▽
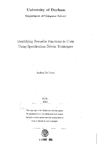 The work described in this thesis addresses the field of software reuse. Software reuse is widely considered as a way to increase the productivity and improve the quality and reliability of new software systems. Identifying, extracting and reengineering software. components which implement abstractions within existing systems is a promising cost-effective way to create reusable assets. Such a process is referred to as reuse reengineering. A reference paradigm has been defined within the RE(^2) project which decomposes a reuse reengineering process in five sequential phases. In particular, the first phase of the reference paradigm, called Candidature phase, is concerned with the analysis of source code for the identification of software components implementing abstractions and which are therefore candidate to be reused. Different candidature criteria exist for the identification of reuse-candidate software components. They can be classified in structural methods (based on structural properties of the software) and specification driven methods (that search for software components implementing a given specification).In this thesis a new specification driven candidature criterion for the identification and the extraction of code fragments implementing functional abstractions is presented. The method is driven by a formal specification of the function to be isolated (given in terms of a precondition and a post condition) and is based on the theoretical frameworks of program slicing and symbolic execution. Symbolic execution and theorem proving techniques are used to map the specification of the functional abstractions onto a slicing criterion. Once the slicing criterion has been identified the slice is isolated using algorithms based on dependence graphs. The method has been specialised for programs written in the C language. Both symbolic execution and program slicing are performed by exploiting the Combined C Graph (CCG), a fine-grained dependence based program representation that can be used for several software maintenance tasks.
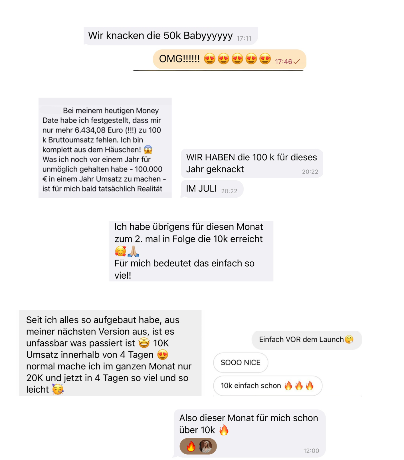 Bisher habe ich mit über 2.000 Frauen gearbeitet und sie auf ihrem Weg supportet – mit outstanding Ergebnissen. Viele meiner Kunden machen heute 6- oder 7-stellige Jahresumsätze, reisen um die Welt und erleben wahre Freiheit.
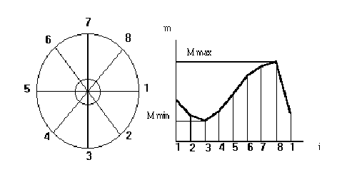 рис. 3.2 Определение скрытой неуравновешенности ротора m — масса пробного груза, i — обозначение положения ротора; а — разбивка ротора на сектора, б — диаграмма разбалансировки ротора. нумерации линий может быть произвольным: по часовой стрелке или против. Ротор с прикрепленным к нему уравновешивающим грузом поварачивают таким образом, чтобы линия под номером 1 оказалась в горизонтальной плоскости. К боковой поверхности ротора напротив линии 1 прикрепляют пробный груз такой величины, масса которого достаточна (без избытка) для выводфа ротора из состояния равновесия. Величину пробного груза, приводящего к разбалансироки ротора, определяют опытным путем, посредством прикрепления к ротору мелких порций пластилина ло тех пор, пока он не придет в движение. Затем груз снимают и взвешивают на весах с точностью до десятых долей грамма. Аналогичные операции поочередно выполняют для всех других положений ротора, обозначенных номерами. Пол данным о величине пробных грузов, вызывающих дисбаланс ротора в его различных положениях, строят диаграмму (см. рис. 3.2). По диаграмме определяют максимальную (mmax) и минимальную (mmin) массу пробного груза, необходимого для вывода ротора из равновесия. Там, где распологается груз наибольшей величины, находится легкая сторона ротора, а в том месте, где устанавливается груз наименьшей величины, находится тяжелая сторона ротора. Следует подчеркнуть, что грузы mmax и mmin должны находиться в диаметрально противоположных точках. Для устранения скрытой неуравновешенности ротора на его легкрй стороне прикрепляют корректирующий груз, масса которого определяется по формуле: mk = 0,5 (mmax - mmin) (31) Момент сопротивления (трения), обусловленный силами, припятствующими возникновению момента на датчике, составляет: Mтр.= mk g Rk (32) где Rk — расстояние от центра массыкорректирующего груза до оси вращения ротора. Суммарная сила сопротивления (трения), действующая в месте контакта призмы с подушкой опоры, составляет: Fтр. = Mтр. /r = 2mk g Rk / d (33) Отношение силы сопротивления к весу ротора характеризует чувствительность устройства и определяет качество балансировки ротора:
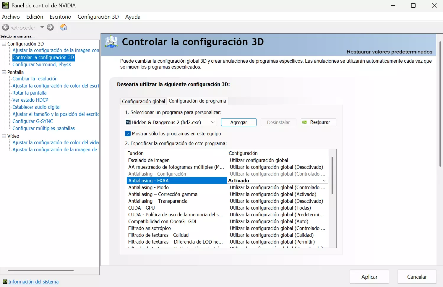 将文件解压到游戏目录即可!现在我们可以使用自定义分辨率进行游戏了。 在显卡中启用FXAA 要平滑这款游戏的边缘,我们需要进入显卡控制面板,按应用程序启用FXAA。
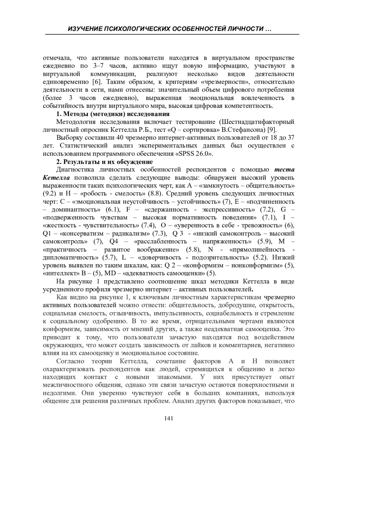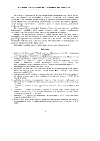 2. Расина Э.О. Индекс виртуализации личности интернет-пользователя социальных сервисов: апробация психометрической методики / Э.О. Расина // СибСкрипт. - 2023. - Т. 25, № 2 (96). - С. 228-234. EDN: KVJCBU
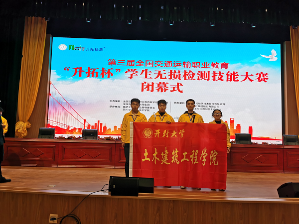近日,第三届全国交通运输职业教育“升拓杯”学生无损检测技能大赛在四川省成都市落下帷幕,经过几天激烈角逐,我校土木建筑工程学院李君和王朝锋老师指导的学生郑笑燃、杨涛、韩琬琼、项春豪获得单项二等奖一项、单项三等奖两项、团体三等奖一项的优异成绩。
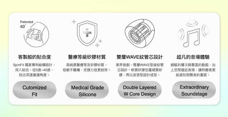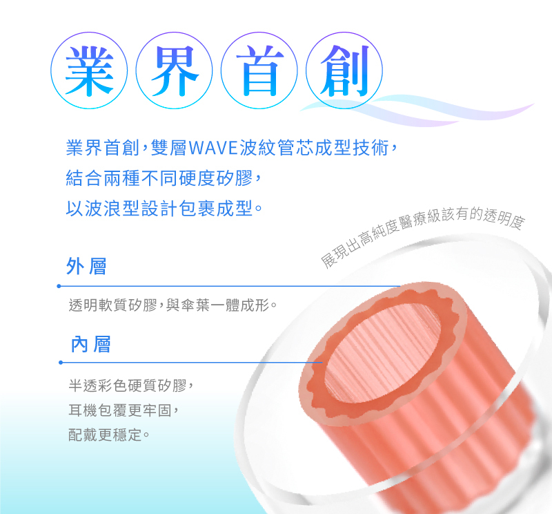 ●業界首創雙層WAVE管芯成型技術,耳塞包覆性強
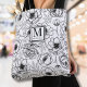 Add a touch of elegance to your daily routine with this stylish tote bag, featuring a personalized monogram and name framed within a chic square detail. The bag showcases a beautiful botanical floral pattern reminiscent of upscale French perfume or high-end fashion brands, bringing a sense of nature and spring into your everyday carry. The sophisticated mix of bold serif font and delicate script typography gives the tote a timeless and stylish look, making it perfect for any occasion. Whether you're heading to the market, the gym, or just out for a stroll, this versatile bag is both functional and fashionable. It’s an ideal gift for bridesmaids, a bride at her bridal shower, birthdays, Mother's Day, or any special occasion. The customizable design allows you to create a unique accessory that blends boho charm with a classic, art-inspired flair, making it a thoughtful and stylish must-have. Elegant Floral Initial Name Monogram Tote Bag Black White Flower Pattern Personalized Gifts For Her.
△
ABOUT THIS EXERCISE: Your task is to set down the records shown above exactly, minus any pictures.

RESPONSE TO THIS TASK:
 The work described in this thesis addresses the field of software reuse. Software reuse is widely considered as a way to increase the productivity and improve the quality and reliability of new software systems. Identifying, extracting and reengineering software. components which implement abstractions within existing systems is a promising cost-effective way to create reusable assets. Such a process is referred to as reuse reengineering. A reference paradigm has been defined within the RE(^2) project which decomposes a reuse reengineering process in five sequential phases. In particular, the first phase of the reference paradigm, called Candidature phase, is concerned with the analysis of source code for the identification of software components implementing abstractions and which are therefore candidate to be reused. Different candidature criteria exist for the identification of reuse-candidate software components. They can be classified in structural methods (based on structural properties of the software) and specification driven methods (that search for software components implementing a given specification).In this thesis a new specification driven candidature criterion for the identification and the extraction of code fragments implementing functional abstractions is presented. The method is driven by a formal specification of the function to be isolated (given in terms of a precondition and a post condition) and is based on the theoretical frameworks of program slicing and symbolic execution. Symbolic execution and theorem proving techniques are used to map the specification of the functional abstractions onto a slicing criterion. Once the slicing criterion has been identified the slice is isolated using algorithms based on dependence graphs. The method has been specialised for programs written in the C language. Both symbolic execution and program slicing are performed by exploiting the Combined C Graph (CCG), a fine-grained dependence based program representation that can be used for several software maintenance tasks.
 Bisher habe ich mit über 2.000 Frauen gearbeitet und sie auf ihrem Weg supportet – mit outstanding Ergebnissen. Viele meiner Kunden machen heute 6- oder 7-stellige Jahresumsätze, reisen um die Welt und erleben wahre Freiheit.
 рис. 3.2 Определение скрытой неуравновешенности ротора m — масса пробного груза, i — обозначение положения ротора; а — разбивка ротора на сектора, б — диаграмма разбалансировки ротора. нумерации линий может быть произвольным: по часовой стрелке или против. Ротор с прикрепленным к нему уравновешивающим грузом поварачивают таким образом, чтобы линия под номером 1 оказалась в горизонтальной плоскости. К боковой поверхности ротора напротив линии 1 прикрепляют пробный груз такой величины, масса которого достаточна (без избытка) для выводфа ротора из состояния равновесия. Величину пробного груза, приводящего к разбалансироки ротора, определяют опытным путем, посредством прикрепления к ротору мелких порций пластилина ло тех пор, пока он не придет в движение. Затем груз снимают и взвешивают на весах с точностью до десятых долей грамма. Аналогичные операции поочередно выполняют для всех других положений ротора, обозначенных номерами. Пол данным о величине пробных грузов, вызывающих дисбаланс ротора в его различных положениях, строят диаграмму (см. рис. 3.2). По диаграмме определяют максимальную (mmax) и минимальную (mmin) массу пробного груза, необходимого для вывода ротора из равновесия. Там, где распологается груз наибольшей величины, находится легкая сторона ротора, а в том месте, где устанавливается груз наименьшей величины, находится тяжелая сторона ротора. Следует подчеркнуть, что грузы mmax и mmin должны находиться в диаметрально противоположных точках. Для устранения скрытой неуравновешенности ротора на его легкрй стороне прикрепляют корректирующий груз, масса которого определяется по формуле: mk = 0,5 (mmax - mmin) (31) Момент сопротивления (трения), обусловленный силами, припятствующими возникновению момента на датчике, составляет: Mтр.= mk g Rk (32) где Rk — расстояние от центра массыкорректирующего груза до оси вращения ротора. Суммарная сила сопротивления (трения), действующая в месте контакта призмы с подушкой опоры, составляет: Fтр. = Mтр. /r = 2mk g Rk / d (33) Отношение силы сопротивления к весу ротора характеризует чувствительность устройства и определяет качество балансировки ротора:
 将文件解压到游戏目录即可!现在我们可以使用自定义分辨率进行游戏了。 在显卡中启用FXAA 要平滑这款游戏的边缘,我们需要进入显卡控制面板,按应用程序启用FXAA。
 2. Расина Э.О. Индекс виртуализации личности интернет-пользователя социальных сервисов: апробация психометрической методики / Э.О. Расина // СибСкрипт. - 2023. - Т. 25, № 2 (96). - С. 228-234. EDN: KVJCBU
近日,第三届全国交通运输职业教育“升拓杯”学生无损检测技能大赛在四川省成都市落下帷幕,经过几天激烈角逐,我校土木建筑工程学院李君和王朝锋老师指导的学生郑笑燃、杨涛、韩琬琼、项春豪获得单项二等奖一项、单项三等奖两项、团体三等奖一项的优异成绩。
 ●業界首創雙層WAVE管芯成型技術,耳塞包覆性強
 Add a touch of elegance to your daily routine with this stylish tote bag, featuring a personalized monogram and name framed within a chic square detail. The bag showcases a beautiful botanical floral pattern reminiscent of upscale French perfume or high-end fashion brands, bringing a sense of nature and spring into your everyday carry. The sophisticated mix of bold serif font and delicate script typography gives the tote a timeless and stylish look, making it perfect for any occasion. Whether you're heading to the market, the gym, or just out for a stroll, this versatile bag is both functional and fashionable. It’s an ideal gift for bridesmaids, a bride at her bridal shower, birthdays, Mother's Day, or any special occasion. The customizable design allows you to create a unique accessory that blends boho charm with a classic, art-inspired flair, making it a thoughtful and stylish must-have. Elegant Floral Initial Name Monogram Tote Bag Black White Flower Pattern Personalized Gifts For Her.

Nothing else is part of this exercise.